Abbreviations: 95% CI, 95% confidence interval; HGS, handgrip strength; OR, odds ratio.

The Relationship between HGS and 4‐Year Fall

The multivariate logistic regression results showed that the risk of fall decreased with increasing HGS quintiles in all the models (models 1–4, Table 4).

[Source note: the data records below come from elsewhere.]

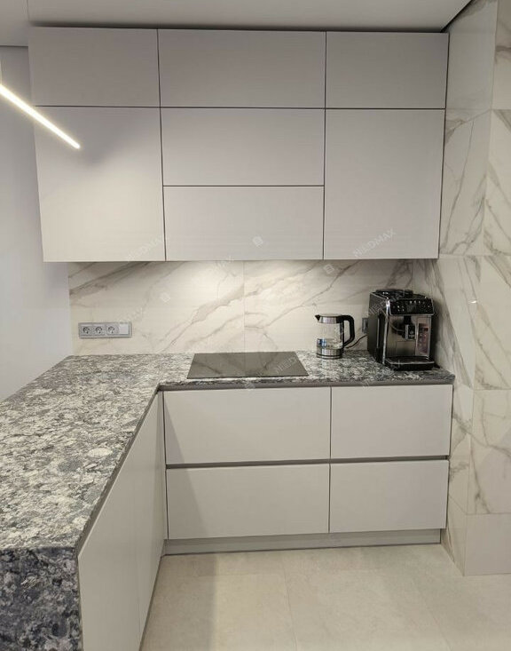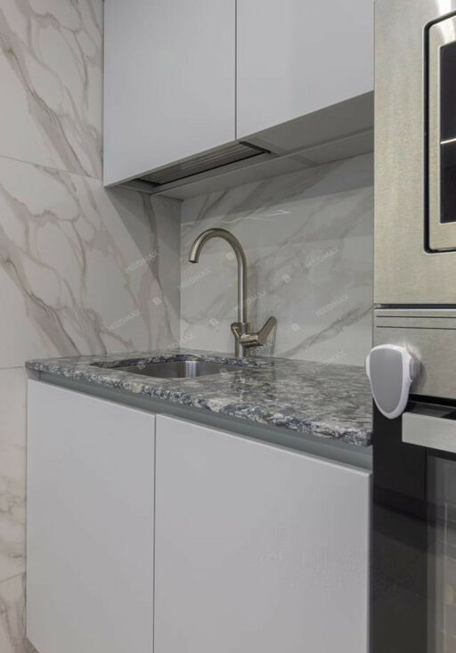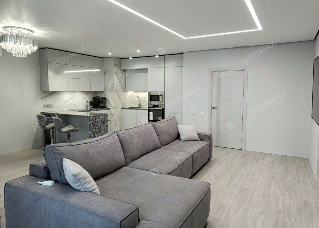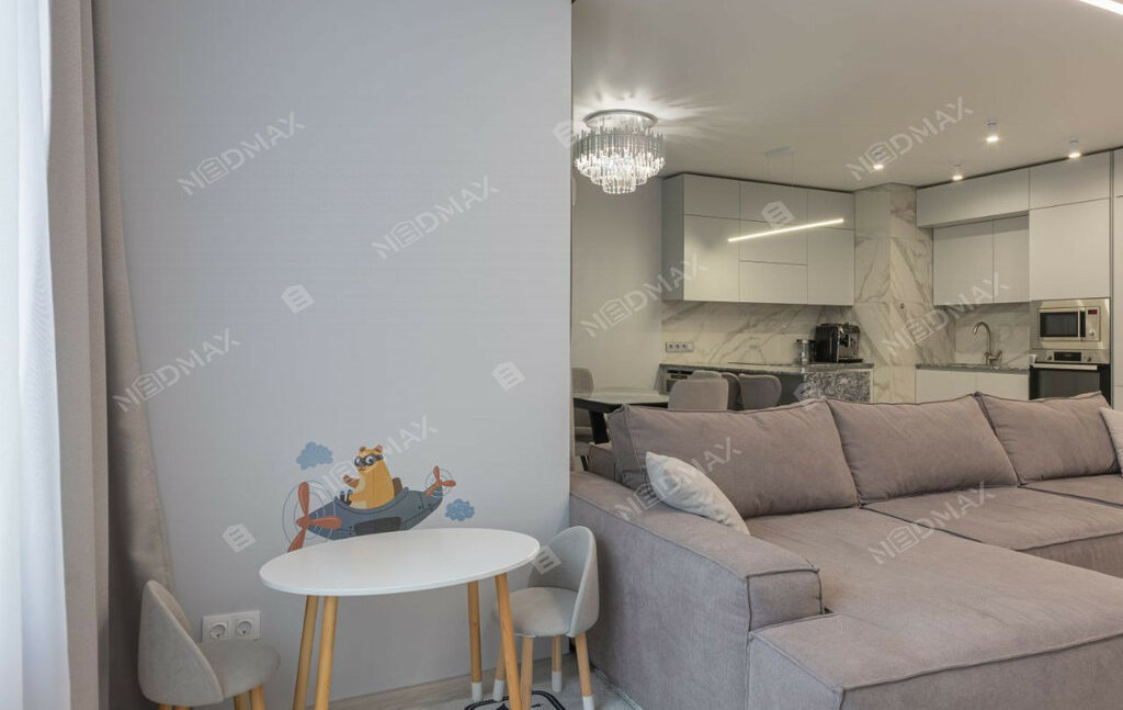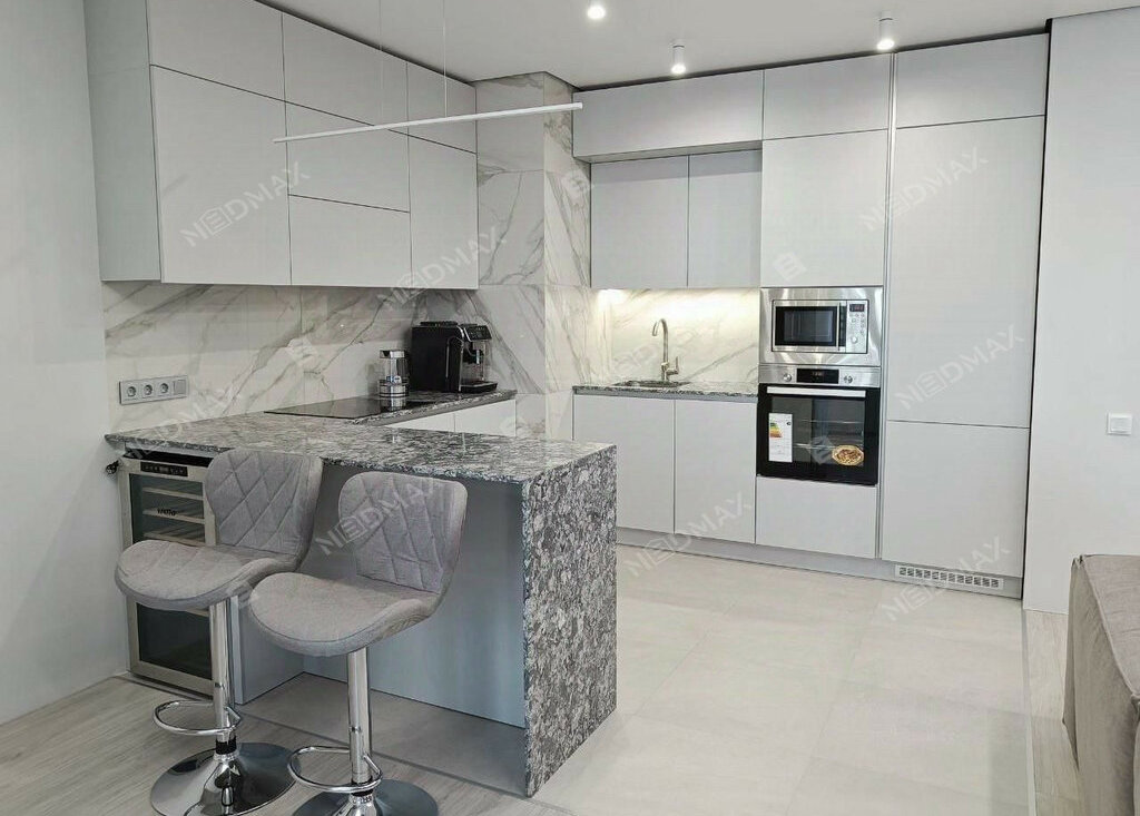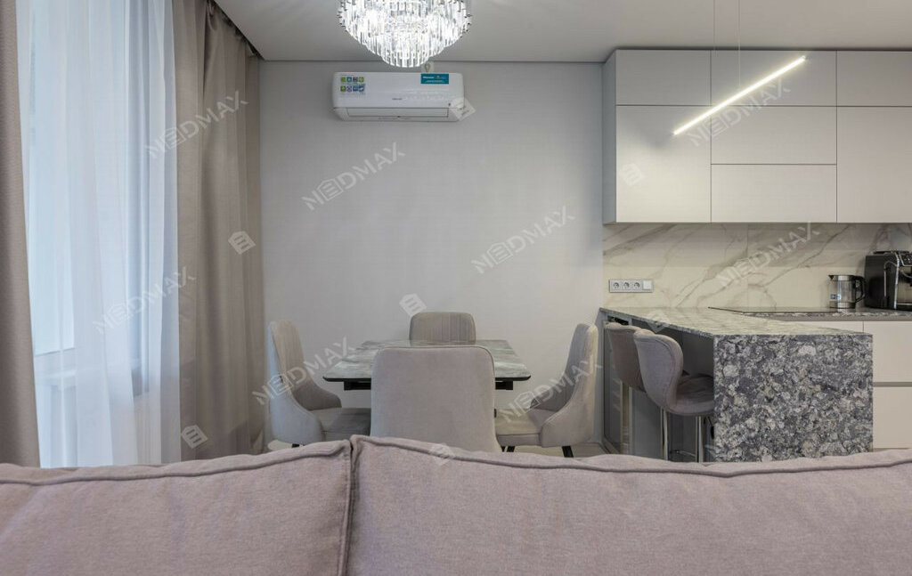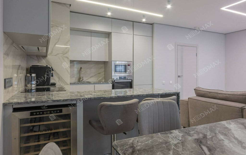 • Просторная гостиная-кухня (35 м²): С визуальным зонированием, тёплым полом в кухонной зоне и встроенной техникой. Кухня оборудована варочной панелью Indesit, духовым шкафом, посудомоечной машиной и холодильником LG. Качественная столешница из кварцевого агломерата устойчива к царапинам и высоким температурам. Барная стойка с удобными стульями и винным шкафом добавляют уюта.
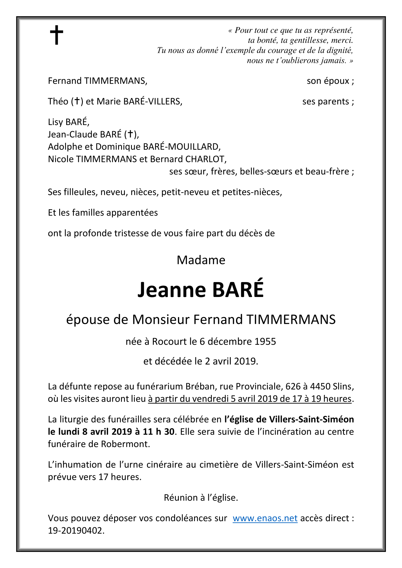 Madame Jeanne BARÉ épouse de Fernand TIMMERMANS
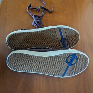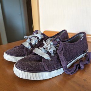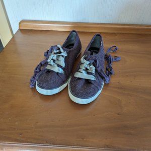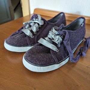 Fun pair of purple Keds, never worn! They are womens size 8. They have these fun ribbon type laces as well as normal laces. The material is a wool blend that's warmer than regular canvas Keds.
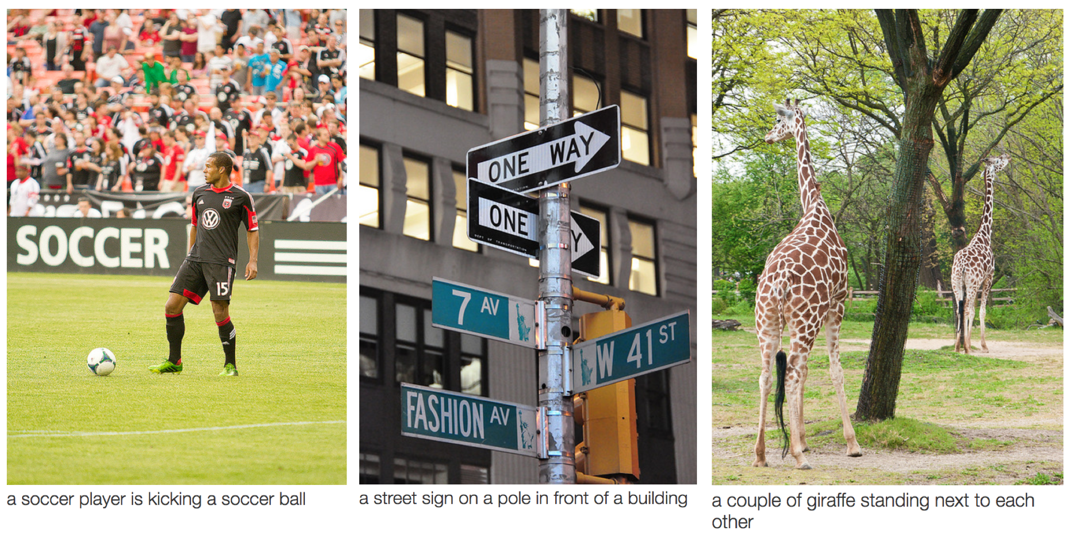 如图1所示,卷积神经网络能够识别图片的场景并且提供相关标题(“足球运动员正在踢足球”),图2则是利用卷积神经网络识别日常物品、人类和动物的例子。最近,卷积神经网络在一些自然语言处理任务(如语句分类)中也发挥了很大作用。
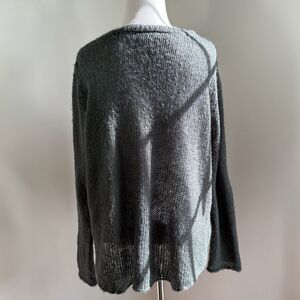 Wooden Ships Mohair Wool Dark Gray Light Red Heart Knit Sweater XS Oversized
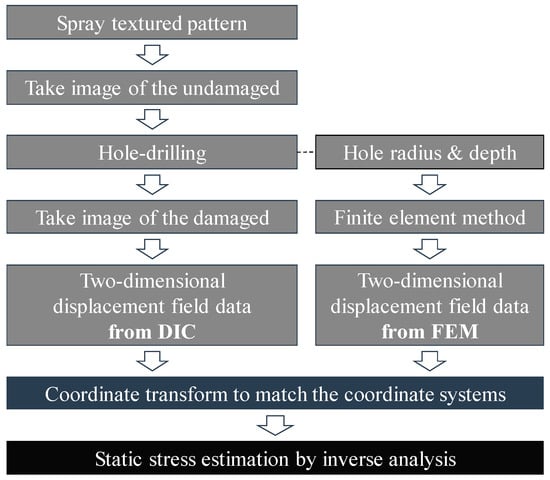 The proposed method introduces the DIC technique into the SRM, with the aim of estimating the static stress in large concrete structures. Rather than using a few strain or displacement data points, we used the two-dimensional displacement field obtained from the DIC, improving the stress estimation quality. As shown in Figure 1, the overall procedure of the proposed method consists of three steps: Obtaining two-dimensional displacement fields from the DIC and the finite element method (FEM), performing a coordinate transformation to have the same origin, and estimating the static stress. This section describes each step in detail.

For both men and women, the trend test shows each quintile of HGS has a decreasing risk of falls compared to the lowest quintile (Table 4). Compared to the lowest quintile (Q1), the adjusted odds ratios (ORs) for falls in the highest quintile (Q5) were 0.49 (95% CI, 0.42–0.59) in total population, 0.51 (95% CI, 0.39–0.67) in men and 0.69 (95% CI, 0.55–0.87) in women (model 2). In the fully adjusted model, the ORs for falls consistently decreased as HGS increased: Q2–0.96 (0.82–1.11), Q3–0.8 (0.68–0.94), Q4–0.69 (0.58–0.82), and Q5–0.62 (0.51–0.76) (model 4). In the male group, higher HGS quartiles also demonstrated a lower risk of falls: Q2–0.67 (0.52–0.85), Q3–0.69 (0.53–0.89), Q4–0.66 (0.51–0.87), and Q5–0.59 (0.44–0.78) (model 4). Among females, the adjusted ORs were: Q2–0.94 (0.77–1.16), Q3–0.91 (0.73–1.14), Q4–0.92 (0.73–1.14), and Q5–0.78 (0.62–0.99) (model 4).

TABLE 4.

The relationship between handgrip strength (HGS) and 4‐year fall in men and women.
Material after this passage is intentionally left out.